Current Seed Grants 2024

Graphs are a major part of science, as many computational problems in various fields can be modeled or solved using graphs. In many cases, there are two aspects to the solution. One is the high-level algorithmic aspect, e.g., the mathematical modeling of the problem and the algorithm for its solution, and the other aspect is the infrastructure of the computation, e.g., the efficient (parallel) implementation of the methods on common or dedicated hardware. As everyday problems only get bigger and more complex, there is a growing need for scalable graph algorithms and their efficient implementation. Hence, in this research, we wish to improve the scalability of computational graph primitives and parallel implementation of low-level algorithms, and embed them in graph signal processing tools and graph neural networks for various applications. We will consider mostly GPU hardware, but also CPU and the new Maverick chip in collaboration with NextSilicon (https://www.nextsilicon.com/maverick).

Preference queries leverage different preference aggregation methods to aggregate individual preferences in a systematic manner and come up with a single output  that is most representative. These queries are prevalent in high-fidelity applications, including search, ranking and recommendation, hiring and admission, and electoral voting systems. In many such applications the preference queries are perpetual; that is, they need to be aggregated over time. While non-perpetual preference aggregation methods are well studied, this is not the case in the perpetual setting. We plan to explore methods to perpetually aggregate individual preferences in a systematic manner and come up with an output over the time horizon that is most representative. We plan to investigate the computational complexity of these methods and design efficient algorithms to implement them either exactly or approximately. We also plan to design optimal or near optimal algorithms for perpetual preference aggregation that satisfy fairness constraints employing two complementing approaches.
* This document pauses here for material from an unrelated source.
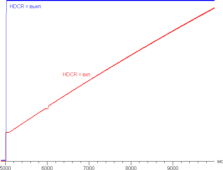 При включении режима с динамическим управлением яркости установившаяся контрастность формально возрастает до бесконечности, так как на черном поле во весь экран подсветка выключается совсем через 10 секунд. Впрочем, уже курсора мыши достаточно для включения подсветки. График ниже показывает, как увеличивается яркость (вертикальная ось) при переключении с черного поля (после пяти секунд вывода) на белое при выключенной и включенной динамической подстройке яркости:

In the first approach we are going to define a metric on the possible outcomes of the perpetual preference aggregation and find the outcome that satisfies the fairness constraint and is also closest (with respect to the defined metric) to the best unconstrained outcome. In the second approach we are going to define a metric on the possible inputs and find the smallest amount of change in the input (with respect to the defined metric) that guarantees that the best unconstrained outcome satisfies the fairness constraints.
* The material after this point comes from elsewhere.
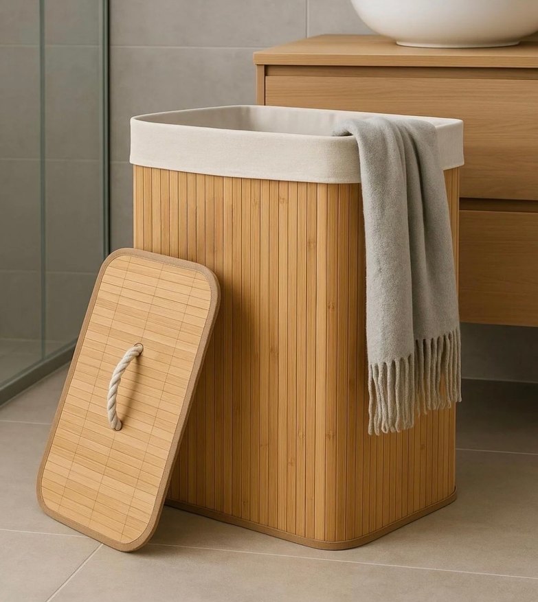 Kapağı çıkarılabilen ip tutma saplı bej kaplı dikdörtgen ahşap sepet, yumuşak kumaş astarlı, depolama için uygundur.

Recent reports suggest that robots in care and home settings may help battle loneliness in the older population and serve as useful aids in therapy and rehabilitation. While the concept of socially assistive robots holds promise, long-term, sustained use has not yet been achieved. Our goal is to design robots that are adaptive – that understand their human partners better and are affective – to both persistent and transient characteristics of the person (e.g., attachment styles and moods) with the aim of achieving better interactions between people, and assistive agents and sustain engagement levels. Clinical studies and self-reports can offer valuable insights regarding behavioral, functional, psychological, and social changes in users, but they are often limited by cost and scale. Through this project, we aim to explore the feasibility of using multimodal wearable sensors as an alternative that can alleviate these shortcomings through continuous, objective, real-time measurements of user progress while interacting with these robots. We aim to develop a multi-physiological sensing framework for real-time cognitive and microexpression detection, specifically, to infer users’ attachment styles, and conduct user studies to study the impact of spatio-social-awareness on long-term affective interactions. The technical solutions we propose in this work fall broadly under the topics of: (1) Affective Computing and Human-Robot-Interaction, (2) Mobile and Pervasive Computing, and (3) Artificial Intelligence of Things.
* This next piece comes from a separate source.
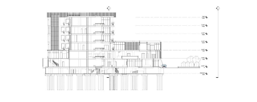 Adanya courtyard yang menghubungkan lantai 1 sampai 6 diharpkan dapat membantu meminimalisir penggunaan energi pada sistem sirkulasi dan pencahayaan pada massa bangunan.

MicroRNAs (miRNAs) are small non-coding RNAs involved in post-transcriptional gene regulation, impacting diverse biological processes and disease pathogenesis. Despite their importance, accurately identifying miRNA promoter regions and distinguishing genuine precursor miRNAs from genomic hairpin-like structures remain challenging. Leveraging Large Language Models (LLMs) like GPT and BERT offers promise in modeling miRNA sequences and structures, but their application to genomics faces difficulties due to differences in data structure and tokenization. Additionally, existing explainability tools for LLMs are not suited for genomic data analysis. This proposal seeks to address these challenges by adapting LLM algorithms and explainability tools to genomic contexts, focusing on miRNA promoter classification and pre-miRNA identification. The goal is to enhance prediction accuracy and provide tailored explainability outputs for genomic language analysis.

Our research addresses realistic distributed applications, in which humans and technology interact and aim to optimize mutual goals (e.g., IoT applications). These include, among others, device scheduling in smart homes, target tracking in sensor networks, and disaster response. All these include multiple events that require service from a team of agents.

Recently, the Service-Oriented Multi-Agent Optimization Problems (SOMAOP) model was proposed for representing such scenarios, along with algorithms for solving them. Unlike former approaches, in SOMAOP, there are two types of agents: service-requesting agents and service-supplying agents. SOMAOP-solving algorithms manipulate auction and matching methods to achieve high-quality schedules for service providers. However, the SOMAOP model did not include means for representing uncertainty elements, which are common in such scenarios. In this research, we will extend the SOMAOP model so that such uncertain elements can be represented, and we will propose algorithms for solving the extended model.